● Exercise:
Would you find each line in the entries below with the string "NISP" and copy it?

Collection entries
————————

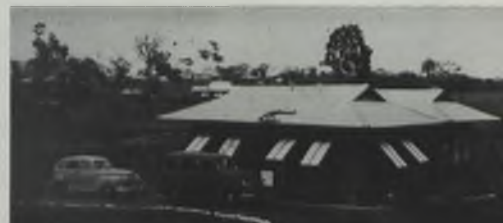
Vista general de la planta, al fondo, el campo de la Compañía.
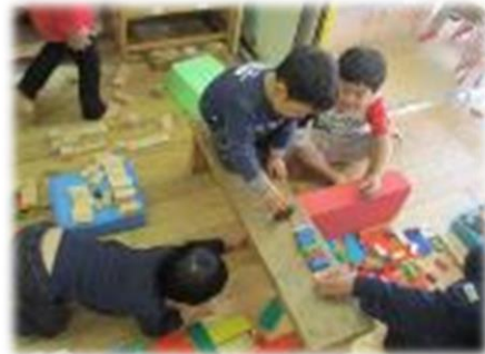
道路や駐車場を作り、自動車を動かして遊ぶ
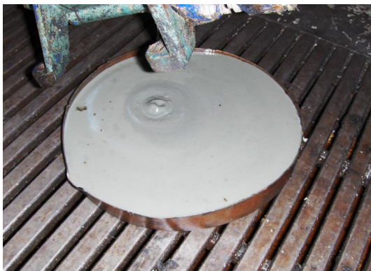
Smeerolie, vervuild met het medium
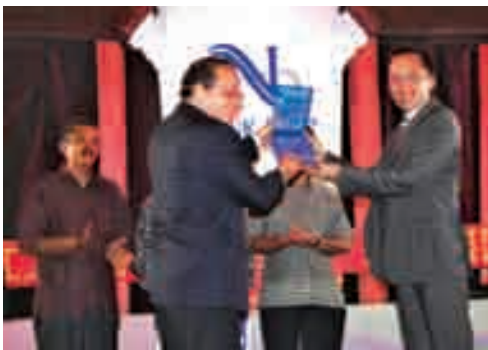
Bekerjasama dengan Yayasan Karya Salemba 4 (KS4) Bank NISP memberikan beasiswa kepada mahasiswa Universitas Andalas, Padang. In cooperation with Yayasan Karya Salemba 4 (KS4) Bank NISP provides scholarship to students of University Andalas, Padang.

Selama tahun 2007 Bank NISP bekerjasama dengan Karya Salemba Empat (KS4) memberikan bantuan untuk mahasiswa yang kurang mampu dalam bentuk pemberian beasiswa untuk biaya hidup maupun pembuatan skripsi pada Universitas Indonesia, IPB (Institut Pertanian Bogor) dan Universitas Andalas, dimana dalam pemberian beasiswa tersebut melalui beberapa tahap salah satunya interview yang dilakukan langsung oleh KS4 dan Bank NISP. Tahap interview tersebut dilakukan secara berkesinambungan dan terakhir dilakukan pada bulan November 2007.
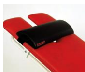
SP1 Nack Kudd

————————

● Answer below:
Bekerjasama dengan Yayasan Karya Salemba 4 (KS4) Bank NISP memberikan beasiswa kepada mahasiswa Universitas Andalas, Padang. In cooperation with Yayasan Karya Salemba 4 (KS4) Bank NISP provides scholarship to students of University Andalas, Padang.
Selama tahun 2007 Bank NISP bekerjasama dengan Karya Salemba Empat (KS4) memberikan bantuan untuk mahasiswa yang kurang mampu dalam bentuk pemberian beasiswa untuk biaya hidup maupun pembuatan skripsi pada Universitas Indonesia, IPB (Institut Pertanian Bogor) dan Universitas Andalas, dimana dalam pemberian beasiswa tersebut melalui beberapa tahap salah satunya interview yang dilakukan langsung oleh KS4 dan Bank NISP. Tahap interview tersebut dilakukan secara berkesinambungan dan terakhir dilakukan pada bulan November 2007.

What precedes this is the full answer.